Recently, two announcements have set society on a collision course with electric vehicles.
Volvo to go all electric by 2019
Volvo, thanks to a reputation for safety and comfort, remains one of the most popular automotive marques around the world. So if they say that by 2019, every one of its models will be a hybrid or an electric car, then we have to assume the technology is mature, safe and ready for prime time.
While this might create a flourishing second-hand market for older Volvos like the XC60 SUV or S90 saloon for those who demand a petrol or diesel option. For the rest of society, it will mark the starting gun that triggers the end of the gas guzzling era.

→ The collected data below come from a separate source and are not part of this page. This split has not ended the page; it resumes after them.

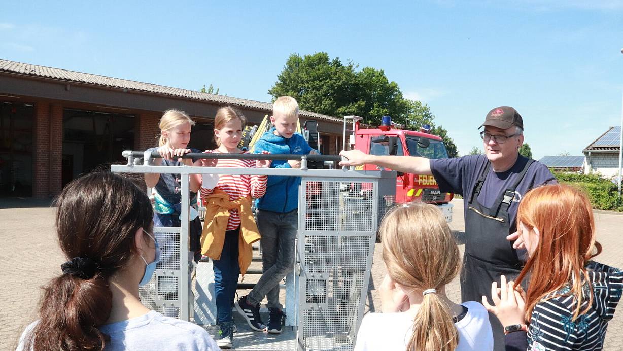 Für Lasse, Aylin und die anderen Viertklässler war der Wagen mit der Drehleiter eindeutig am interessantesten. „Die Leiter kann bis zur 18 Meter hoch ausgefahren werden, das reicht bis zur Kirchturmuhr“, erläuterte Jörg Kluckow. Mit dem Korb durften die Schüler zwar nicht in die Höhe, aber der Feuerwehrmann machte ihnen einen Vorschlag. „Jeden Montag habt ihr die Gelegenheit, ab 18 Uhr trifft sich die Jugendfeuerwehr“, sagte er.
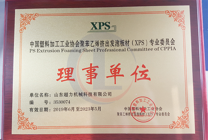 山東超力機(jī)械有限公司,憑借過硬的二氧化碳擠塑板(CO2-XPS)研發(fā)、生產(chǎn)技術(shù)與優(yōu)異的擠塑板設(shè)備質(zhì)量,被中國塑料加工工業(yè)協(xié)會(huì)聚苯乙烯擠出發(fā)泡板材(XPS)專業(yè)委員會(huì)授予協(xié)會(huì)理事單位。...
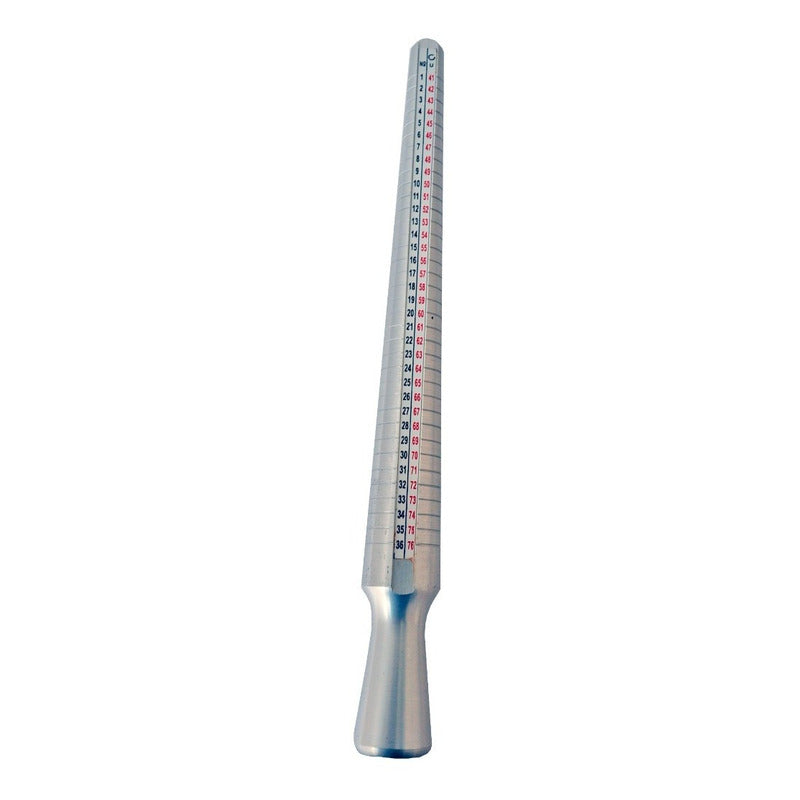 - Cada anillo está grabado con su tamaño único de dedo europeo; de 1 a 36 (incluyendo medias tallas).

Unless the transition proves a total PR and sales disaster, other car makers will follow suit, if not in 2019, but within a few years, While new electric car brands for self-driving cars and city runabout “pod” vehicles and even flying cars will all take this as proof that their time has come.

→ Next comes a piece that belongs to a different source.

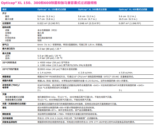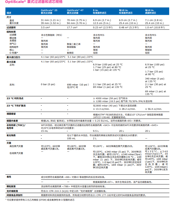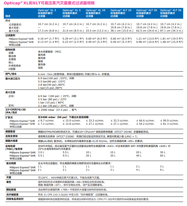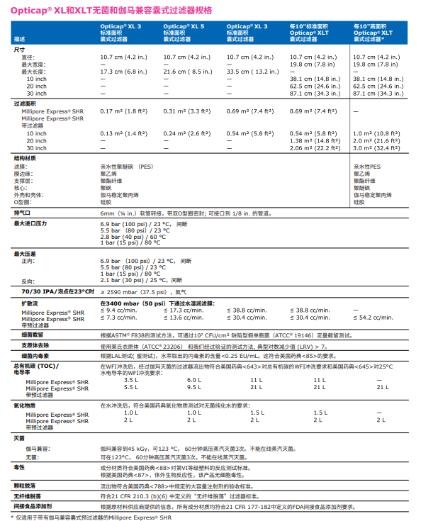 Millipore Express® SHF 過濾器的技術(shù)參數(shù):

Volvo’s plans include the launch of five fully electric cars between 2019 and 2021, three of which will be Volvo models and two of which will be high performance electrified cars from Polestar, Volvo Cars’ performance car arm. Full details of these models will be announced at a later date.
“This is about the customer,” said Håkan Samuelsson, president, and chief executive. “People increasingly demand electrified cars and we want to respond to our customers’ current and future needs. You can now pick and choose whichever electrified Volvo you wish.”

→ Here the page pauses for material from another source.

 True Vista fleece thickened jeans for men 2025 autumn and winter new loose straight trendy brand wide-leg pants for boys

Yet, some would consider this more of going all hybrid rather than going all electric. What do you think?
France goes all in on EVs
Even further into the future, and something more of a political nod to the inevitable rather than a solid event, France is committing to an all electric future on its roads. Those pastoral valleys and mountain treks that are currently whizzing by in the Tour de France will be home to nothing but electric vehicles by 2040 if the political commitment holds.
If a whole country goes electric, especially in green-focused Europe, then the entire continent could follow, and the buying pressure alone could sway every car maker in the world to switch to electric vehicle production.
While it will take many years and a good few scrappage schemes to rid the world of gas-guzzlers, the clock is ticking, and our children will soon see the internal combustion engine as nothing more than a museum piece.